How Low Salt Impacts Gut Health & Longevity


I recently sat down with Dr. John Glidea, who is an expert in kidneys and salt.  Here is an excerpt of that conversation:

“A proper electrolyte concentration is central to our health.  The biggest issue with absorbing electrolytes is that you need your stomach to be acidic.  Generally, the older you get, the more difficulty you have with electrolyte absorption. One of the reasons for this is that as you age, you do not absorb as much salt.  You need salt for all sorts of things, but one very important thing is that adequate salt provides the ability for you to acidify your stomach.

A plague seen in the elderly with GERD (gastro-esophageal reflux disease) and acid reflux and other stomach problems is a result of not making enough acid while you are eating.  Because of this, the upper sphincter to your stomach doesn’t close completely.  So, the acid that you do produce leaks upward into your esophagus and causes damage. 

So, you want your stomach acid to be high during and after you eat, which happens naturally as you’re younger but that goes away as you get older.  You need acid to absorb minerals.  You also need acid to produce gastric intrinsic factor, a glycoprotein secreted in the stomach that is necessary for methyl B12 to be absorbed later in the small intestine.  Methyl B12 is vital to your metabolism.

The whole world is telling you to eat less salt. But you have a salt thermostat in your brain that is very hard to override.  As you age, you’re losing more and more salt.  Because of this, it is likely that if you have GERD or acid reflux and are older, you are low in salt.

And having low salt has consequences, as seen in a publication where people were actually hospitalized with low salt.  After given a saline IV and stabilized, these people were released.  If they returned a second time for low salt, their chance of mortality increased 273%.

The neuro endocrine system in your stomach is very important.  It needs to be dynamic just like every other system in your body.  So, taking medications that change the dynamics of this system can be problematic.  You want high stomach acid concentration during meals and low stomach acid concentration in between meals.

And this is why you should not drink water or liquids during meals as well.  Water dilutes the high acid levels that your stomach is trying to maintain.  Additionally, if you have high stomach acid in between meals, drinking a glass of water has been shown to be the same as taking a Tums.”
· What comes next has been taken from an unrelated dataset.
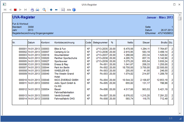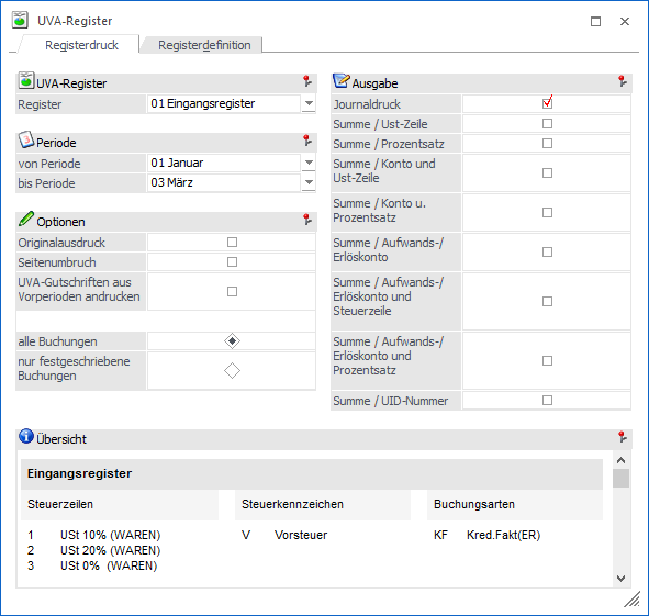 Der Ausdruck des UVA-Registers erfolgt im Menüpunkt

We will be having more conversations with John about salt in the future.  This is the tip of the iceberg on what he knows.  If you have a question related to this topic, please leave a comment below.


7 Comment

Jo, since we’re talking about a dilution issue, one possible solution is to minimize the amount of liquid you drink to swallow your pills.

Coordinate with your clinician and figure out salt to dissolve in liquid for her to drink.

To minimize the dilution of your stomach acid, don’t drink 20 minutes before and 40 minutes after eating.

Thank you Dr Glidea! So how can we get more salt to be absorbed in our bodies? Can we simply use more? And is it safe to liquify Betaine HCL to ingest orally? My mother turned 91 this August, and she can’t swallow pills anymore. She dissolves all of her vitamins and drinks them. But I’m afraid that the Betaine HCL might harm her esophagus, so she doesn’t take it. She has some hypertension issues, so she’s been curbing her salt intake for decades.

I’ve listened to Gildea in several podcasts/conversations, and highly respect his expertise. I’m aware that he and his wife take a few key supplements. Most supplements are recommended to be taken ‘with food.’ And that requires liquid to swallow them. I, and I’m sure others listening to this convo excerpt, will scratch our heads about how to refrain from drinking water/liquids with our food, but also accomplish the task of swallowing our supplements. Please offer some scientific and dilemma-solving advice on this front. Thank you.